There are some clear shifts in the share of the top 10 outdoor apparel brands. Consumers are clearly looking for value-oriented products from well-known brand names.                     

“We are seeing some real nice interest in sales if the buy is good [and] very attractive. Value-oriented gear and clothing is going very well,” said Joe Royer, co-owner of Outdoors Inc., based in Memphis, TN. “The buyer has never been more important because the colors and the styles that are right on the spot are selling well… We are buying some styles a little down-market just slightly in clothing.”

“Consumers are coming into stores looking for a very specific look and price,” Royer remarked, “and if the product is a bit off from their intended purchase, they won’t buy it. Therefore, buyers need to be extremely attentive to current trends and arm themselves with as much information as possible.”

While many brick and mortar retailers are shifting their apparel buy to include more entry level price-points,’s Robertson said that they are not. “We haven’t changed the product mix at all… No matter what, we’re staying high-end,” he said.

The SSI data revealed that sales of outdoor equipment showed mixed results in February. The largest category, backpacking equipment, saw relatively flat sales in February with a slight up-tick in average selling prices. Backpacking tent sales were up in the double-digits while sales of family tents remained relatively flat and sleeping bag sales were up in the mid-single-digits.

Royer said his company’s sales were a mixed bag early on in the year, but he is seeing a “really strong” high-end market in hardgoods, reinforcing the up-tick in average selling prices recorded by SportScanINFO. “We’re seeing at our stores [an interest in] value but we’re also selling high-end kayaks and high-end bicycles that sell for $4,000 or higher.”
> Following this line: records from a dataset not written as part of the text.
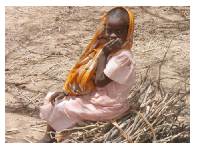
Girl collecting wood in Touloum.

UNFPA submitted a proposal to the United Nations Consolidated Appeals Process (CAP) with a planned launch on April 10. The proposal included funding for a full-time RH coordinator, training and planning for the future. However, the CAP has not been well funded so far and in addition, there must be another mechanism to ensure funds are available at the start of the emergency. One international NGO submitted four proposals integrating the MISP with primary health care to different donors and all were pending a response during the assessment team's visit. This situation highlights the obstacle of funding to implementing MISP activities; agencies must react swiftly in emergencies and need to have readily available funds to do so.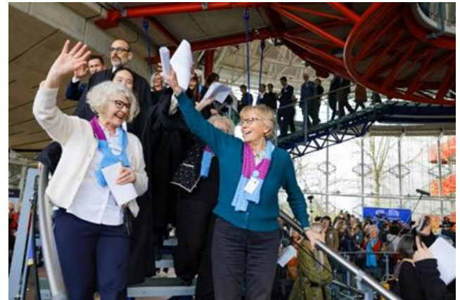
Climate activists from Switzerland celebrate as they leave the European Court of Human Rights (ECHR).

This case involved a judicial review challenge to the grant of planning permission for the extraction of oil at Horse Hill, Surrey. The environmental impact assessment (EIA), required as part of the planning permission, did not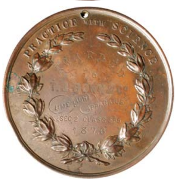
449* Agricultural Society Of New South Wales, in bronze (89mm), by Hardy Brothers, London & Sydney, reverse inscribed, 'Awarded /To/T.J.Brown & Co./Lime Light/Apparatus/Sec.2. Class 565/1876'. Pierced hole at top, edge bumps and small nicks, some oxidation spots, otherwise very fine.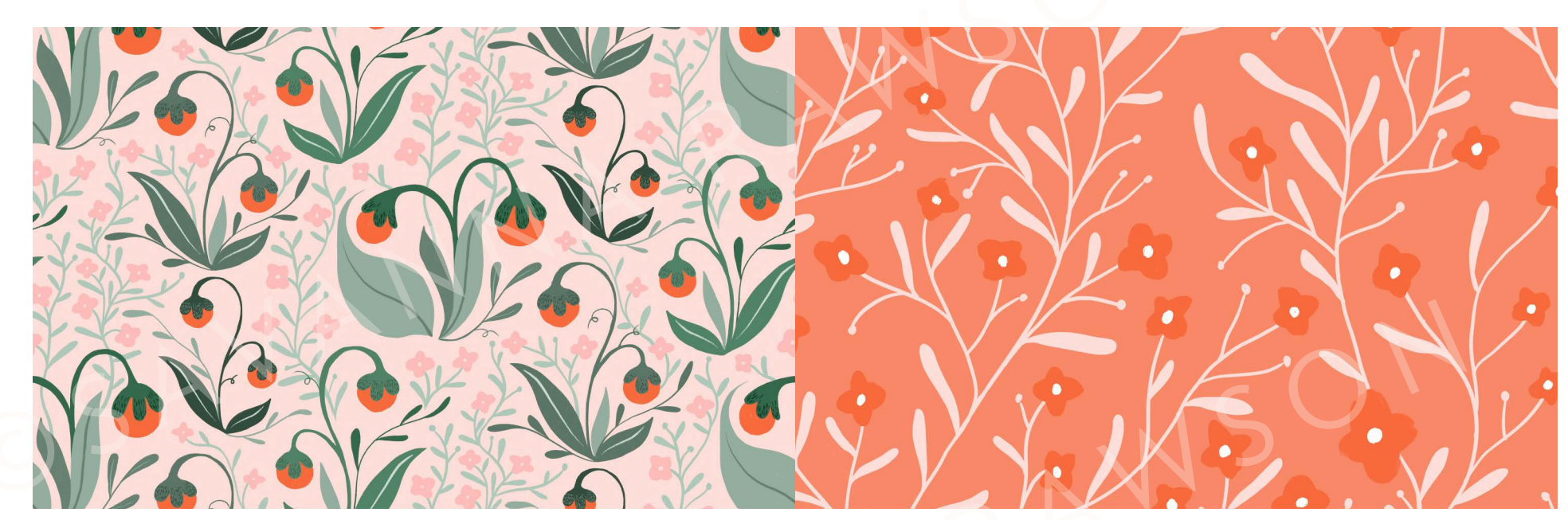
Little Red Rouge Drop

Poppy Queen is vibrant collection inspired by poppies and the fauvism art movement characterised by expressive shapes, curves and boldness.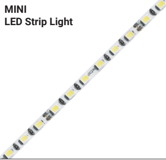
MINI LED Strip Light

Series-LB1000-MN | 280lm/ft - 2.9W/ft Indoor Strip Light Width / 0.16"/4mm 37 LEDs/FT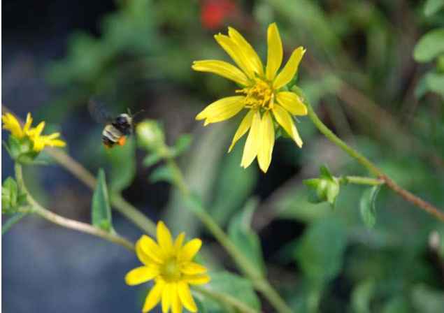
Native bee approaching starry rosinweed ( Silphium asteriscus ) flower

Insects make up 99% of the more than 200,000 species (e.g., insects, birds, and bats and other mammals) that act as pollinators. When most people think of insect pollinators, they think of bees, in particular honeybees, but certain types of flies, beetles, moths, and butterflies are also important. The common honeybee, a species introduced to North America by the European settlers, has been managed by humans for centuries for its pollination benefits, honey, and other products. In recent years, populations of the European honeybee have declined by over 50% worldwide due to diseases and pest. Because it was so easy to utilize European honeybees, the importance of native pollinators to North American ecosystems and agriculture has been overlooked. Studies have shown that adequate populations of native pollinator species, particularly native bee species, can provide 100% of the pollination activity needed for many farm crops. It has been estimated that wild, native bees pollinate over $3 billion worth of crops in the United States each year.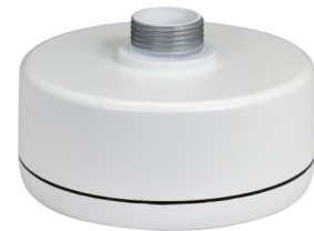
Junction Box IBBCEM-134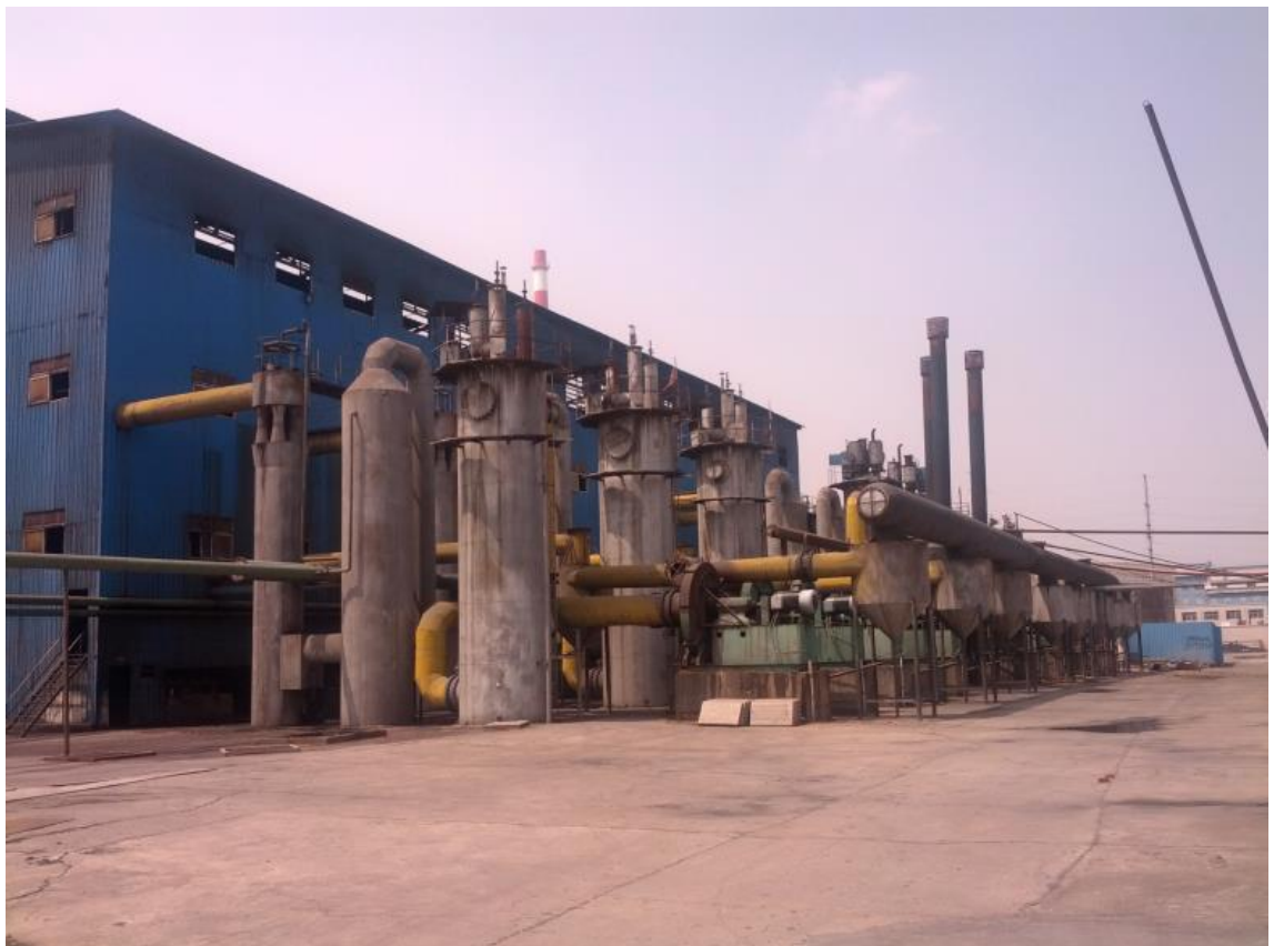
Gasifiers-Coal to Semi Coke and waste gas used to heat ovens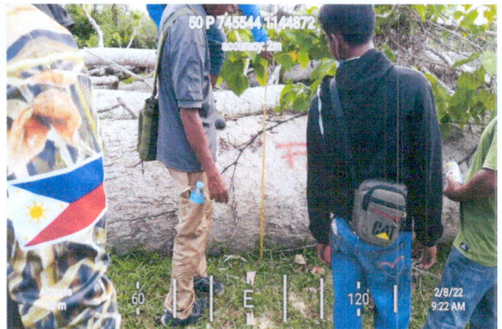
PICTURE SHOWING THE INVENTORY OF FALLEN AND UPROOTED TREES CAUSED BY TYPHOON ODETTE LOCATED AT BARANGAY ABAROAN, ROXAS, PALAWAN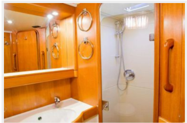
Master En Suite Head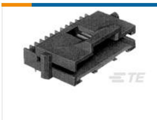
TE Part #104074-5 25 SYSTEM 50 HDR SRRA SHRD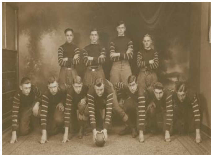
From the Wright Collection: The Austin High School (Minnesota) football team with american poet Richard Eberhart (2nd from the left, back row) as captain and quarterback (ca. 1920).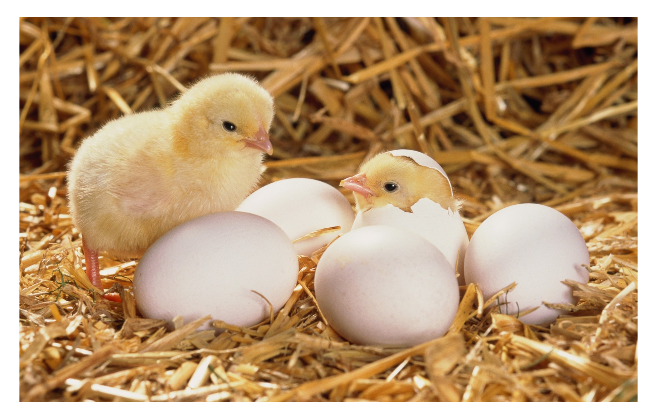
Don't count your chickens before they hatch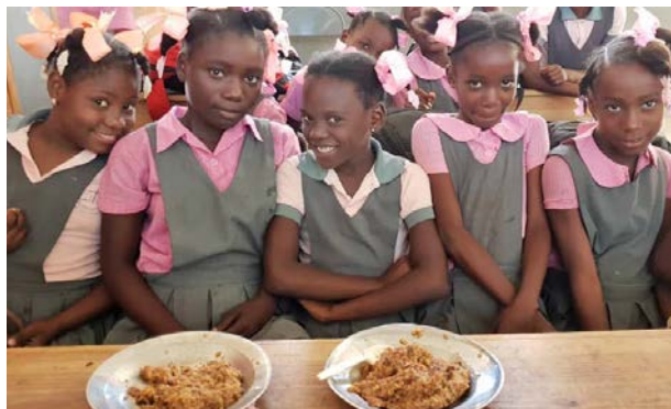
Providing meals for Haitian children is one of 11 mission grants for the LWML South Dakota District.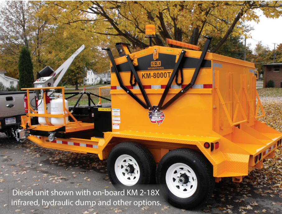
Diesel unit shown with on-board KM 2-18X infrared, hydraulic dump and other options.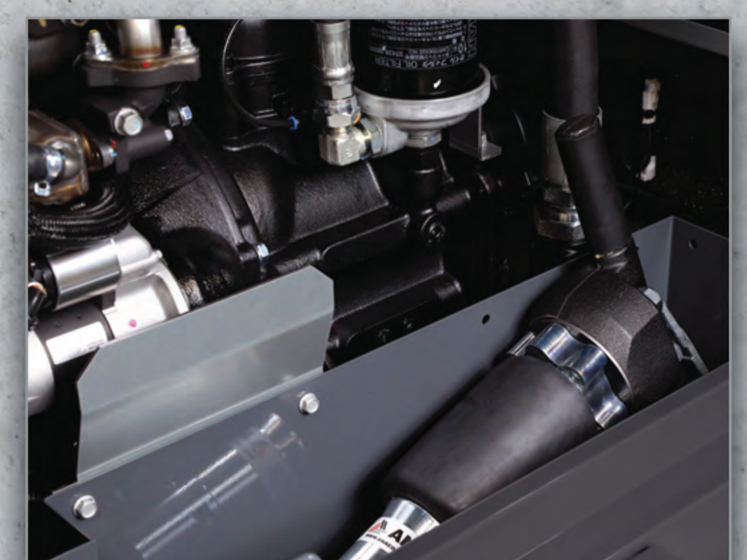
6 | Interior Storage Compartment Holds a 90# breaker or other air tools

BEST-IN-CLASS POWER TRANSFER // FUEL EFFICIENCY // dBA RATING THE INDUSTRY'S HIGHEST-QUALITY MOBILE AIR COMPRESSORS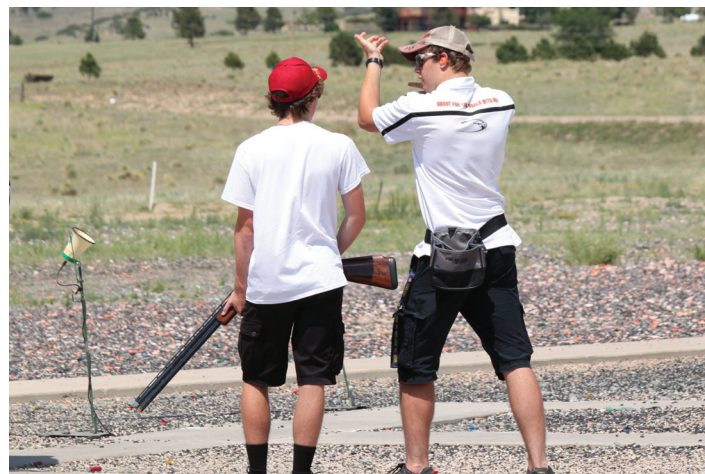
Gala auction winners joined members of the St. Mary's competitive shooting team in July for a demonstration.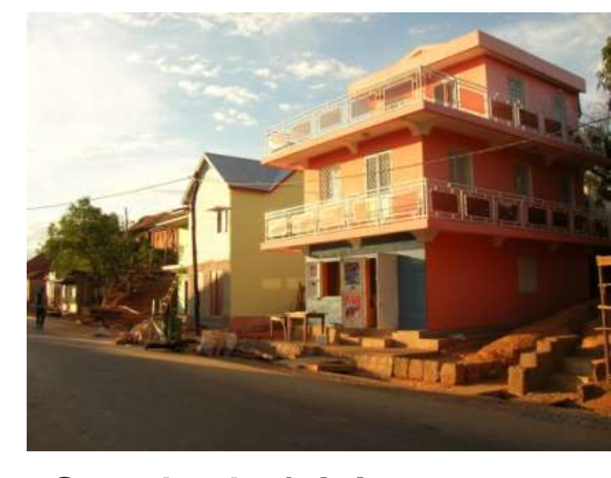
Standard of living ameliorated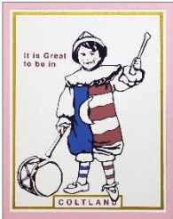
Artist: Stass Shpanin Title: Poster Series - It is Great to Be In Date: 2017 Size: 29" x 23" Medium: Flashe on Canvas Price $1600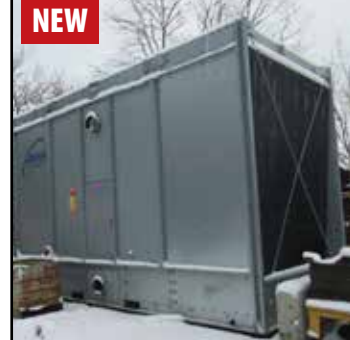
MARLEY 10020311-A1-C8403MF-10 NC COOLING TOWER - NEW, NEVER INSTALLED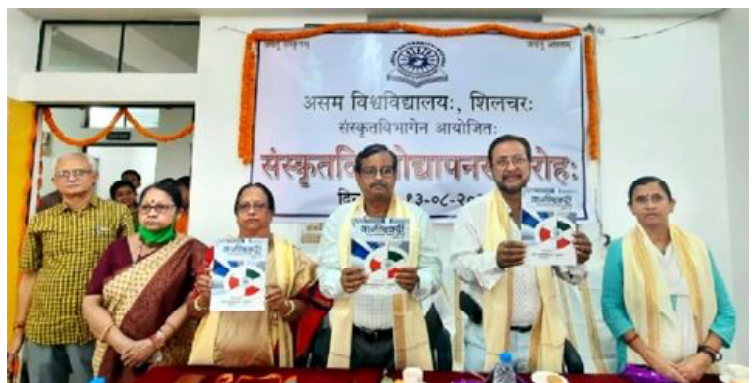
Release of the Departmental Research Journal Vagisvari 2022

Technical packs and bags saw a slow month in February, with a low-single-digits decline in sales. This was driven primarily by declines in technical day pack sales. Internal frame pack sales were actually up in the low-single-digits in February. Lifestyle packs and bag sales were also down for the month. Both categories saw double-digit increases in average selling prices.

Travel bag and pack sales were also down for the month with a smaller increase in average selling prices.

Hydration saw mid-single-digits growth for the month, led by big increases in waist pack/bottle combos and hydration accessories. Sales of hydration systems were down for the month.

Paddlesports were particularly strong in February with double-digit sales increases. These gains were primarily driven by strong kayak sales, but canoes saw high-single-digit increases, as well.

Sales of outdoor footwear lagged in February with double-digit declines overall. There is a clear shift in consumer buying patterns towards purchasing footwear online and the channel reported strong double-digits growth in outdoor specialty products.

As for footwear, Royer’s comments reflect the data compiled by SportScanINFO. “Our footwear has been a little soft, but we’re following the buy real close,” he said.  “We worked with a key vendor and they allowed us to send some styles back and replace them with other styles. We’d bought colors that didn’t work, but the shoe was good.”
The SSI data saw only two categories of outdoor footwear with growth for the month: approach/multisport footwear and outdoor casual footwear. Technical hiking, light hiking and hybrid/water footwear all declined.  In trail running, performance trail running footwear showed strong double-digit increases for the month, while fashion/value trail running showed heavy declines.

Looking ahead, most retailers polled by The BOSS Report commented that they are remaining cautious.

Greg Caracciolo, general manager of Northern Lights in Bozeman, MT, said the company is remaining “cautious” and trying to remain even to last year’s numbers. However, he feels that Northern Lights was more impacted by weather in February than by the economy.

Royer said he believes companies would be most successful if they stick to their core values instead of floundering between popular trends. “If you have a real core authenticity to your business and… [are] very professional, then I feel really good about this spring, this summer and the future… I feel optimistic, overall, about the business, [but] it was a little scary there around Christmas.”